--- SOURCE MATERIAL Enclosed Below ---

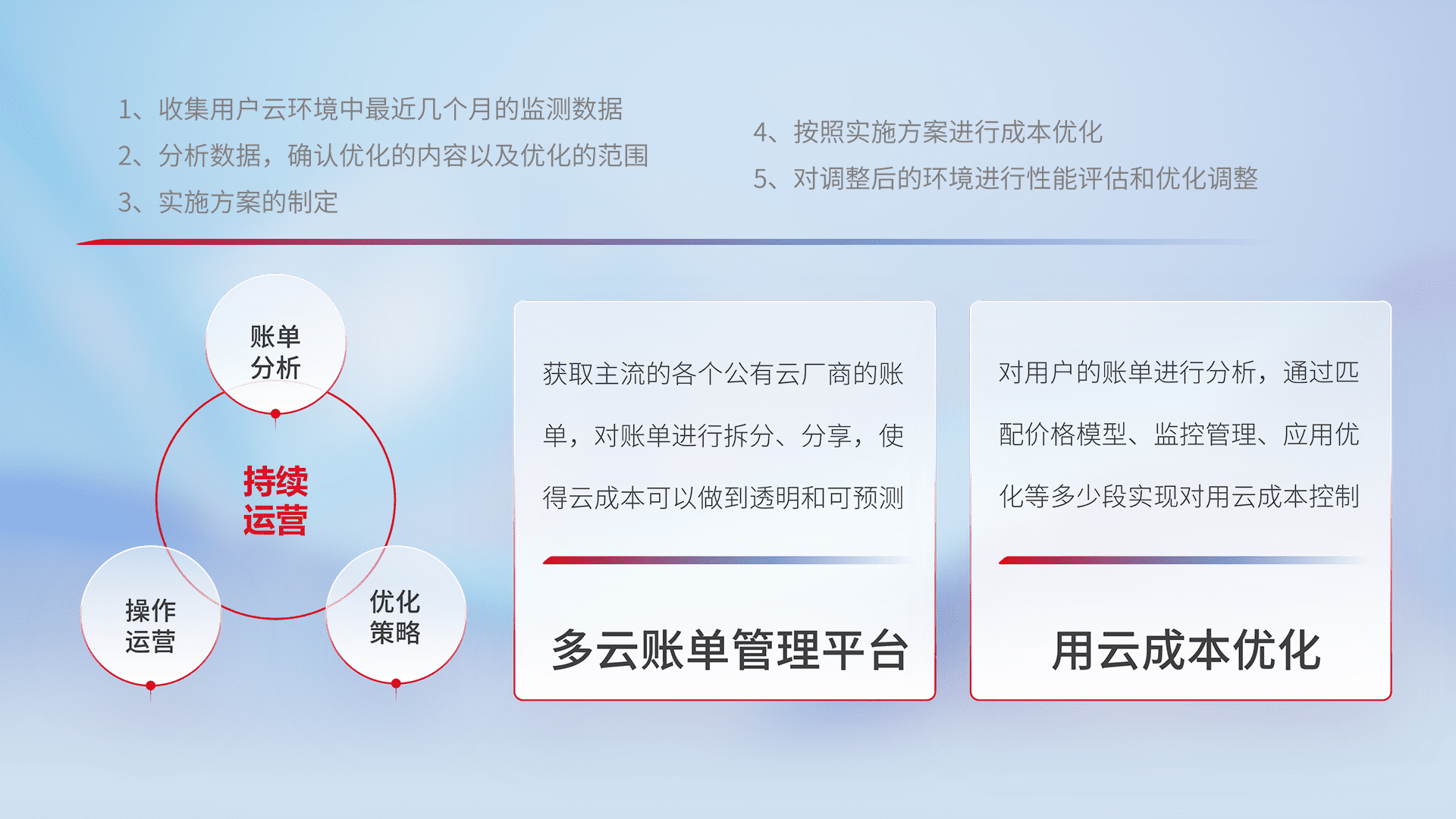通过多云纳管,,,以统一的资源数据模型把客户的云资源进行抽象和封装,,,进而实现对多云资源的统一操作,,,保障云资源管理的可靠性、、、稳定性与可用性。。。。量身定制化运维内容,,配置、、、开发运维、、、、补丁管理、、、、备份、、、监控、、认证和访问管理、、、、审计和日常巡检等,,,,保障在用云过程中的可靠度,,稳定度以及高可用率。。。
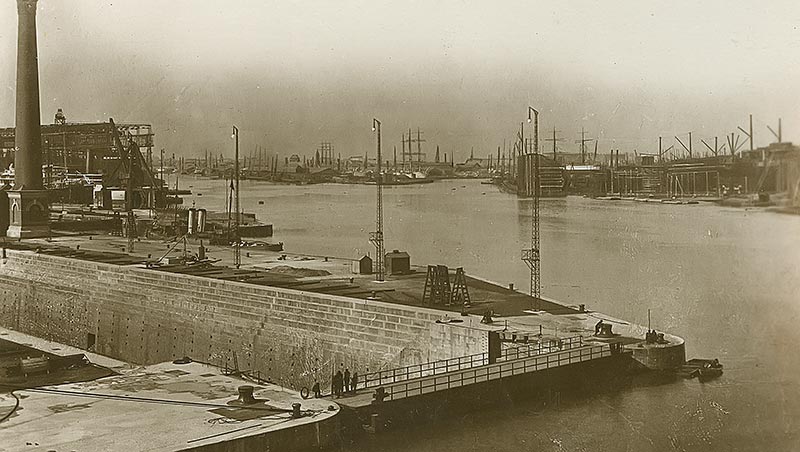 1867 wird ein neues Dock eröffnet das Queens Island nun auch mit dem Festland verbindet.
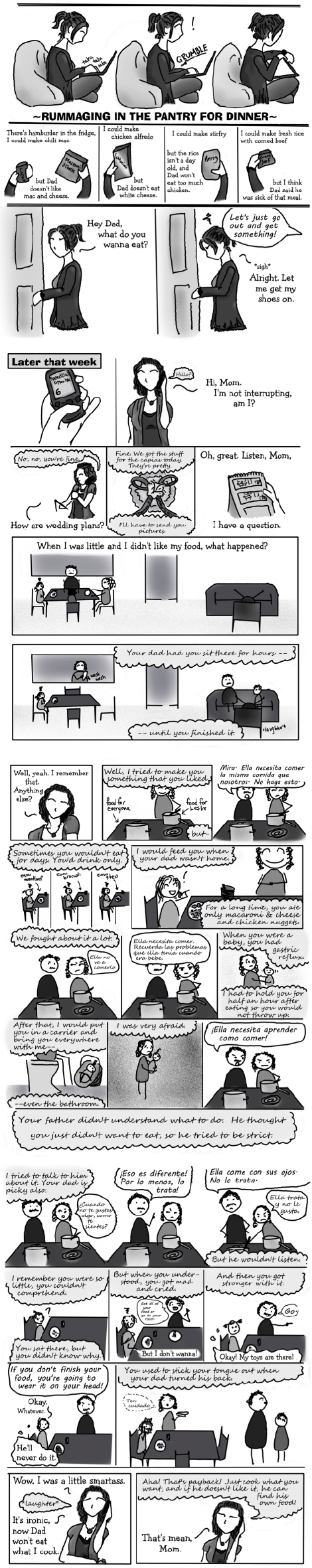 “Graphic memoir” from the mind of Leslie Salas: “I was picky. . . . And while Iāve slowly grown to expand my culinary horizons, I realized that I may not be the only picky eater in the family . . .”
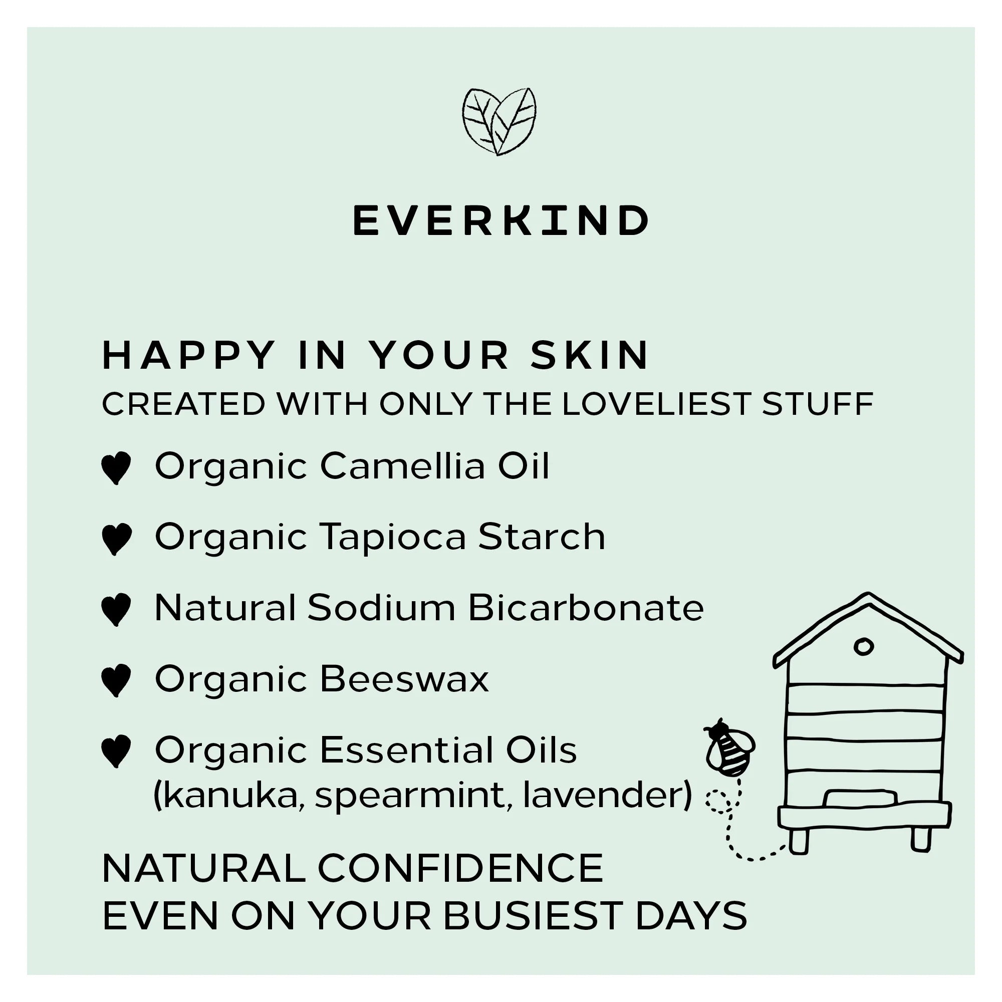 Organic camellia oil, organic tapioca starch, naturally occurring sodium bicarbonate and organic NZ beeswax, blended with NZ organic kanuka, spearmint and lavender true essential oils.

--- End of Enclosed SOURCE MATERIAL ---

# PROBLEM STATEMENT
If a picture falls within the lines from the one containing "from the mind" through the end of the material, leave it out while repeating those lines exactly.

# SOLUTION
 “Graphic memoir” from the mind of Leslie Salas: “I was picky. . . . And while Iāve slowly grown to expand my culinary horizons, I realized that I may not be the only picky eater in the family . . .”
 Organic camellia oil, organic tapioca starch, naturally occurring sodium bicarbonate and organic NZ beeswax, blended with NZ organic kanuka, spearmint and lavender true essential oils.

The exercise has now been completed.